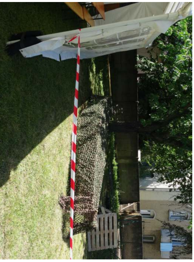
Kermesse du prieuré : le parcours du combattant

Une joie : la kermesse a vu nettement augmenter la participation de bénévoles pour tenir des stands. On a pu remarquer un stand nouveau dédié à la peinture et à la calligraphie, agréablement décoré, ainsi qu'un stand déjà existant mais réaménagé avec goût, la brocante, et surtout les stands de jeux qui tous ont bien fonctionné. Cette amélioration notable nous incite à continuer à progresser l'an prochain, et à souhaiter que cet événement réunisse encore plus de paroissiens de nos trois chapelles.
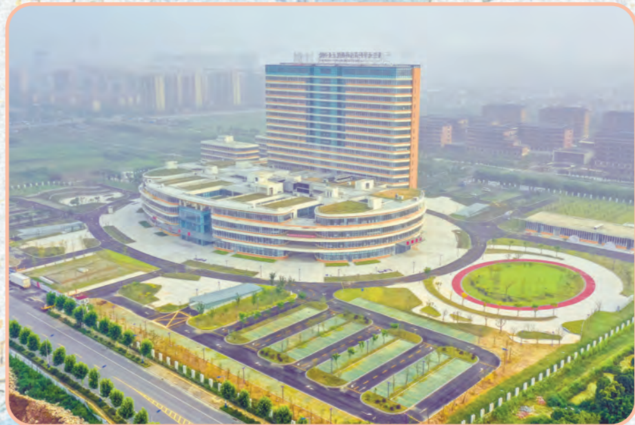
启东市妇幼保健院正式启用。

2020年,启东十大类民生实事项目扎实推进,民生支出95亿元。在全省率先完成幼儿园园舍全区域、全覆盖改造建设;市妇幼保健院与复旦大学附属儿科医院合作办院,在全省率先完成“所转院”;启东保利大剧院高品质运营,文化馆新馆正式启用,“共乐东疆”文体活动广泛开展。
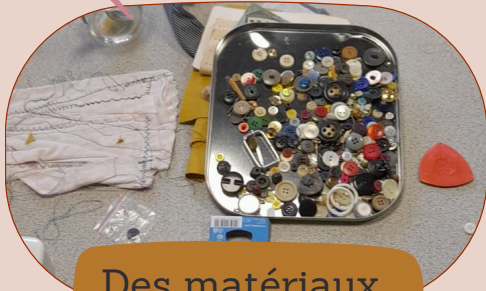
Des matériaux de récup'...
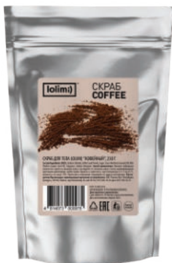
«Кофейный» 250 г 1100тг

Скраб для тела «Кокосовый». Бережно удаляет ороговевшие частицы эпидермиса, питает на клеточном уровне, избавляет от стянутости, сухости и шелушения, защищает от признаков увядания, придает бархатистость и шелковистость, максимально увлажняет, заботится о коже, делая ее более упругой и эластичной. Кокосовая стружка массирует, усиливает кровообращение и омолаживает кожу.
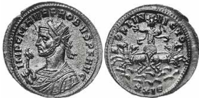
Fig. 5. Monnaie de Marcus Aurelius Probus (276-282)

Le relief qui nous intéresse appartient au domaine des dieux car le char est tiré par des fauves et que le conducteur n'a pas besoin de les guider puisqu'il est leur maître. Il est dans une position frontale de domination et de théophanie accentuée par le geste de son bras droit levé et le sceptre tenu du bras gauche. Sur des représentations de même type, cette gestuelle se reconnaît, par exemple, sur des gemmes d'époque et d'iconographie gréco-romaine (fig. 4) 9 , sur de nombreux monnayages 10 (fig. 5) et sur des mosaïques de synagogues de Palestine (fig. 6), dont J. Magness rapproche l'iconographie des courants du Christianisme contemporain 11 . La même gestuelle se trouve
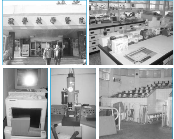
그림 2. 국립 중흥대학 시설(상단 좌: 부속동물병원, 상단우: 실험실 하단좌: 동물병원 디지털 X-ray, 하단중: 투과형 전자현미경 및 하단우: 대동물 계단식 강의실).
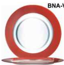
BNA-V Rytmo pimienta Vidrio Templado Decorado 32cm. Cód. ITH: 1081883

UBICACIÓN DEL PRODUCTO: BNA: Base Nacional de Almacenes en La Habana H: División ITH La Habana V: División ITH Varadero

■ ■ ■

_What to do_
If a record holds a picture, leave the picture out and copy the rest exactly.

_Answer for this exercise_
Kermesse du prieuré : le parcours du combattant

Une joie : la kermesse a vu nettement augmenter la participation de bénévoles pour tenir des stands. On a pu remarquer un stand nouveau dédié à la peinture et à la calligraphie, agréablement décoré, ainsi qu'un stand déjà existant mais réaménagé avec goût, la brocante, et surtout les stands de jeux qui tous ont bien fonctionné. Cette amélioration notable nous incite à continuer à progresser l'an prochain, et à souhaiter que cet événement réunisse encore plus de paroissiens de nos trois chapelles.
启东市妇幼保健院正式启用。

2020年,启东十大类民生实事项目扎实推进,民生支出95亿元。在全省率先完成幼儿园园舍全区域、全覆盖改造建设;市妇幼保健院与复旦大学附属儿科医院合作办院,在全省率先完成“所转院”;启东保利大剧院高品质运营,文化馆新馆正式启用,“共乐东疆”文体活动广泛开展。
Des matériaux de récup'...
«Кофейный» 250 г 1100тг

Скраб для тела «Кокосовый». Бережно удаляет ороговевшие частицы эпидермиса, питает на клеточном уровне, избавляет от стянутости, сухости и шелушения, защищает от признаков увядания, придает бархатистость и шелковистость, максимально увлажняет, заботится о коже, делая ее более упругой и эластичной. Кокосовая стружка массирует, усиливает кровообращение и омолаживает кожу.
Fig. 5. Monnaie de Marcus Aurelius Probus (276-282)

Le relief qui nous intéresse appartient au domaine des dieux car le char est tiré par des fauves et que le conducteur n'a pas besoin de les guider puisqu'il est leur maître. Il est dans une position frontale de domination et de théophanie accentuée par le geste de son bras droit levé et le sceptre tenu du bras gauche. Sur des représentations de même type, cette gestuelle se reconnaît, par exemple, sur des gemmes d'époque et d'iconographie gréco-romaine (fig. 4) 9 , sur de nombreux monnayages 10 (fig. 5) et sur des mosaïques de synagogues de Palestine (fig. 6), dont J. Magness rapproche l'iconographie des courants du Christianisme contemporain 11 . La même gestuelle se trouve
그림 2. 국립 중흥대학 시설(상단 좌: 부속동물병원, 상단우: 실험실 하단좌: 동물병원 디지털 X-ray, 하단중: 투과형 전자현미경 및 하단우: 대동물 계단식 강의실).
BNA-V Rytmo pimienta Vidrio Templado Decorado 32cm. Cód. ITH: 1081883

UBICACIÓN DEL PRODUCTO: BNA: Base Nacional de Almacenes en La Habana H: División ITH La Habana V: División ITH Varadero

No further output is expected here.